The calling/text issue is something that started in the beginning of our relationship only it was pagers and phones then. It has meaning in our relationship and is one of the areas that he says he felt neglected in. He continued to call me while I let it slide when at work. He took it as a sign that I wasn't as committed, then when we got text messaging I bulked at the idea and didn't really want to be bothered with it. He took this as a further sign that I did not want contact with him. Nothing is further from the truth. My job is very intense with very little "down time". I am usually with patients, on the phone with patients, charting about patients yada yada yada. There have been days when I did not lunch, didn't even take a bathroom break until right before going home. But I missed the mark, didn't understand how much it meant to him and the damage I was causing our relationship by not holding this as sacred. He says when we first met I would have broken every rule to page him. It's true, I would have, but I didn't continue it. I become obsessed with my work and he knows it. He reads it as more important than him. I realize it sound so small to others reading this but it's a huge part of our connection and I feel responsible. So what if it feeds his inner child, it must feed mine too because now that he's told me these things and he's backd off of what he used to do I realize that I miss it. I took it for granted, didn't keep up my end. So no, it doesn't = love but it's an important part of feeding it by connecting. I have been narrow minded and a fool. Is it really so much that I couldn't be bothered? No, I took this small thing for granted and did not place the emphasis on it that it deserves. It's just one of those things that jabs at my heart - knowing that I failed him that way. So, I am trying to make up for it in a way.

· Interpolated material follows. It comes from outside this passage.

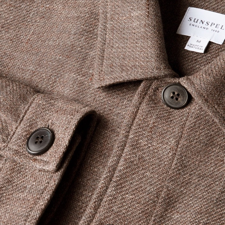 Sunspel reinvents their classic twin pocket chore jacket in luxurious Italian cotton-linen twill.
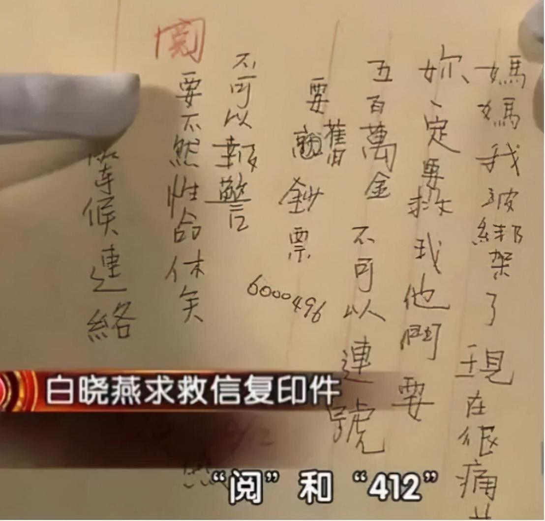 塑料袋里面装着一截手指、三张半果照以及女儿白晓燕的一封求救信“妈妈,我被绑架了,现在很痛苦,你一定要救我,不可以报警!”

Then there's the fact that I know him. He would, under normal circumstances, be in contact because it's his way. To others it's just a call/text, but as I've explained there's a deeper meaning for us. Is it dependence? I don't know. I'd like to have independence but not so much that I'm alone. I want to be able to depend on someone, I want a soul mate. If that's dependence I want that.
I do drive myself crazy with overanalyzing. When things were looking up when he left I knew that the continuation of that would be contact. When it didn't happen I did what I do best and analyzed without the critical piece of info to the catastrophic outcome I arrived at. I want to stop this, I want to be free.